Weeks before, the web team had gathered to decide on a theme for the launch. The meeting was interrupted with jokes about how best to seek asylum in the West and prepare for a future of headscarves and handguns, so it seemed only natural to use the launch as an opportunity to speculate about Pakistan’s future. As the Dawn Media Group was ushering in a new era with its snazzy online presence, it seemed appropriate to consider what that era would bring for the country being served by the website. Analysts and academics, journalists and guitarists were thus invited to ponder the theme: ‘Flash Forward Pakistan: Where do we go from here?’

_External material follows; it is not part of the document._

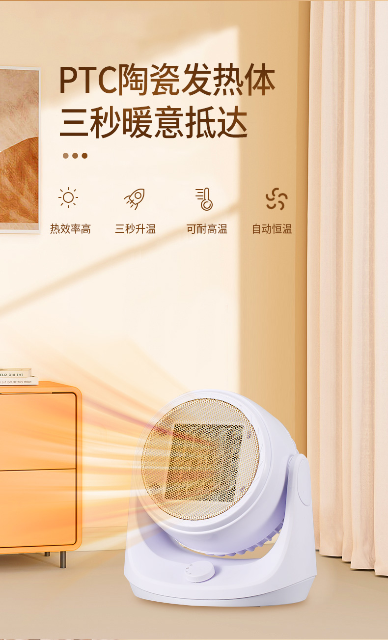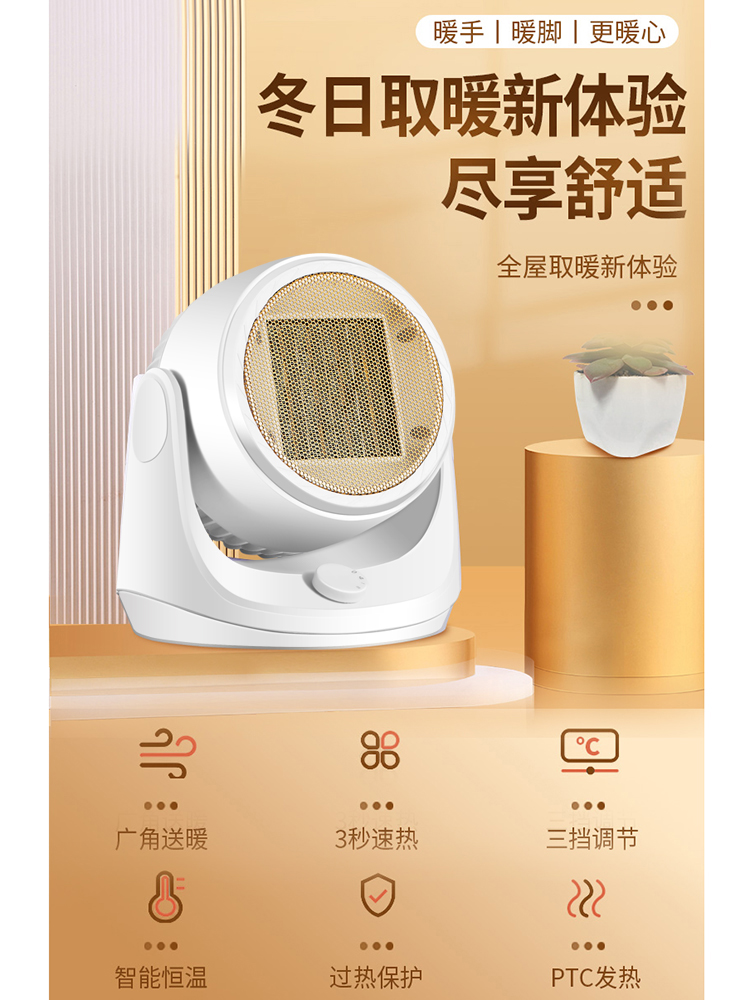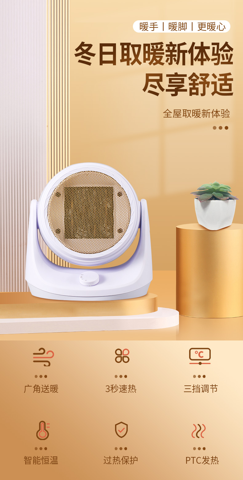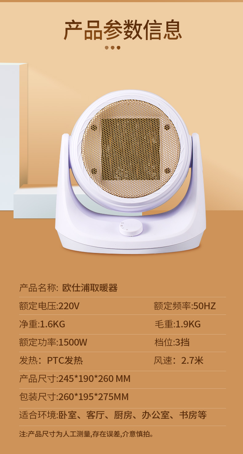 欧仕浦暖风机家用PTC款速热取暖器节能桌面电暖风冷暖两用小空调

As the launch approached, our contributors responded with uniform despondency, their essays comprising a smorgasbord of the ways things might go wrong for Pakistan. In their arguments, our country became a nation on the brink of implosion – carved into secular and Sharia zones; hijacked by militants; embroiled in a stand-off with Afghanistan; further partitioned; at odds with its American aid donors; bereft of its historic Sufi Islam traditions; neglected by its diaspora; despised by the Indian middle classes.

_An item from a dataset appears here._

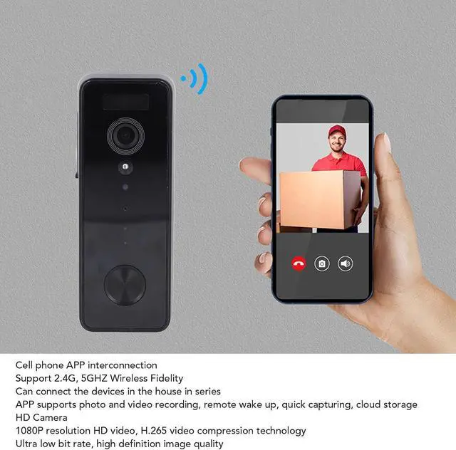Mobile APP Interconnection: Video doorbell adopts for Tuya APP as the connecting device, supporting 2.4G, 5GHZ Cordless Fidelity, which can connect the devices in the house in series, APP supports taking photos, video recording, remote wake up, quick capturing, cloud storage.

Editing and uploading these essays, the Dawn.com team began to suffer a crisis of morale. ‘There’s got to be some good news,’ said one multimedia content producer. ‘All our content is so depressing – can’t we interview some fashion designers or something?’ asked another. Silver linings were sought in humorous blogs by sharp wits such as Mohammed Hanif and Tazeen Javed. But even their quips bore the eerie echo of the dystopias painted by the pundits. As a last resort, children were invited to draw a better Pakistan, the one they would like to inherit and inhabit as adults. And yet, the team continued to grumble: articles as they went up on the site were variously described as bleak, serious, scary, way out, out there.

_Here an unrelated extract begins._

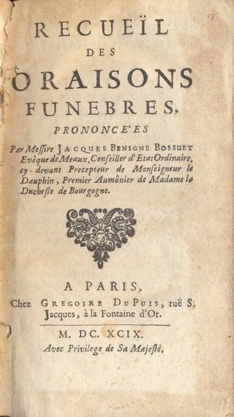 Recueil des Oraisons Funebres.

But when launch day – Monday, February 16 – arrived, the pessimistic began to seem terrifyingly prophetic. After all, on that day, the government announced that it had struck a peace-for-Sharia deal with the militants in Swat. Under the guise of the Tanzim Nifaz Shariat-e-Muhammadi (TNSM), the strong-arm tactics of extremists trumped national integrity and government writ. At our end, we uploaded an essay by human rights champion I.A. Rehman, in which he suggested that imposing Sharia law in FATA and PATA may be inevitable. His essay spoke of this eventuality occurring within a decade – no one expected it to unfold within a week. In fact, all the essays that looked forward to a darker tomorrow for Pakistan came into sharp focus as realistic renderings of today. As a result, brownies and cakes consumed to celebrate the launch of the site instead satiated the stress evoked at the thought of Sharia law spreading to other parts of Pakistan.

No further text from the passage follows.